しかし、オミクロン株の出現が、これまでの下落局面以上に深刻化した場合には、エネルギー需要の回復に悪影響を及ぼし、原油関連企業は手元流動性の保全を強いられることになる。 世界の原油動向のベンチマークとなっているブレント原油は、渡航制限やロックダウンが再び起きる可能性があるとの懸念を受けて、先週金曜日に12%近く低下した。
オミクロン株の感染が報告された国が増えたことを背景に、イスラエルでは外国人の入国を禁止したと Wall Street Journalが報じた。英国、ドイツ、ベルギー、イスラエル、イタリアに加え、オーストラリア、ニュージーランド、オーストリアでも保険当局は、今回のオミクロン株は感染力が強いとの声明を発表している。
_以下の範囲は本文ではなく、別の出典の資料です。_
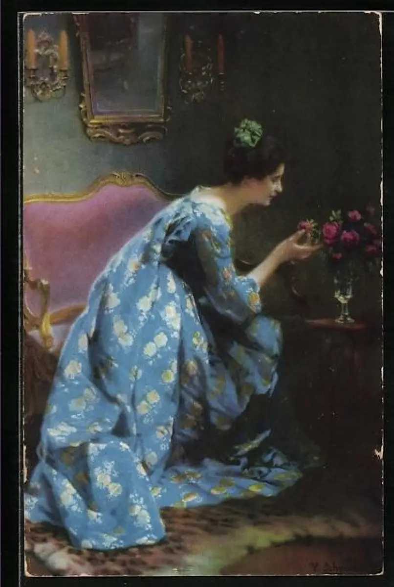 Künstler-AK Meissner & Buch (M&B) Nr. 2617: Die blaue Dame, Frau mit Rosenstrauss
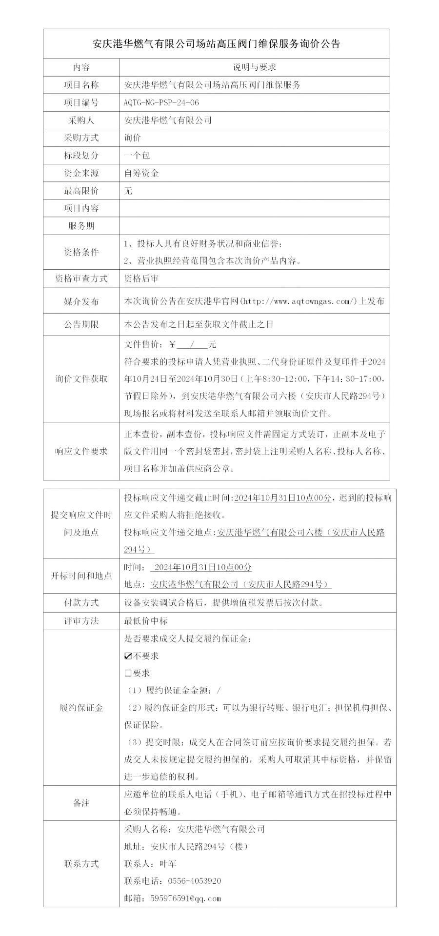 安慶港華燃?xì)庥邢薰緢稣靖邏洪y門維保服務(wù)詢價(jià)公告

構造的な設備投資の回避によって、原油価格は長期的に高水準で推移する可能性
直近の押し目買いおよび今後数日間でみられる可能性のある市場の下落は、エネルギー関連銘柄にとっては投資機会になると考えられる。コロナ禍があろうとなかろうと、エネルギー市場における需要と供給の均衡は常に変化しており、石油生産者はこれ以上の設備投資や採掘をする意欲が低い。
気候変動やコロナ禍の深刻化によって、エネルギー市場は新たな状況へと変わってきており、企業は株主から支出の削減および株主還元の充実化を求められており、企業は構造的に今後新たな設備投資などができない状況となっている。このことから、原油価格は長期的に高水準で推移する可能性がある。
Bloombergによると、ゴールドマン・サックスグループのコモディティ・リサーチ部門統括責任者のJeff Currie氏は最新のレポートにて投資家は足元の市場環境では原油のロングが合理的であるとしている。「顧客へのアドバイスとしては、需給の均衡価格がわかるまでは原油はロング・ポジションを維持するべきだ」としている。また、「資本支出や設備投資の増加がなかったため、本来の原油価格は今の水準以上であるはずである」と付け加えた。
銀行勢は原油価格が長期的に高水準で推移するとみており、ゴールドマンは2023年には1バレル85ドル、モルガン・スタンレーは長期的な価格見通しを10ドル引き上げ、1バレル70ドルとし、BNPパリバは2023年には1バレル80ドルに近づくだろうと予測している。
世界最大規模のエネルギー企業の最新の企業決算をみると、このような各社の見通しを下支えしている。シェブロンは第3四半期に142年に渡る同社の歴史の中で最大のフリー・キャッシュ・フローを創出しており、2022年の資本支出額はコロナ禍前の水準よりも20%削減する一方、自社株買いを増やすと明言している。エクソンも同様で、先月に四半期配当の増配を実施した。今後も増配スタンスを維持するとしている。
結論
足元の良好な需給環境を勘案すると、あなたのポートフォリオには少なくとも多少は、特に増配姿勢を示しているエネルギー関連株を保有しておくと良いかもしれない。足元の軟調な展開は、様子見姿勢をとっている投資家にとっては投資機会となりうる。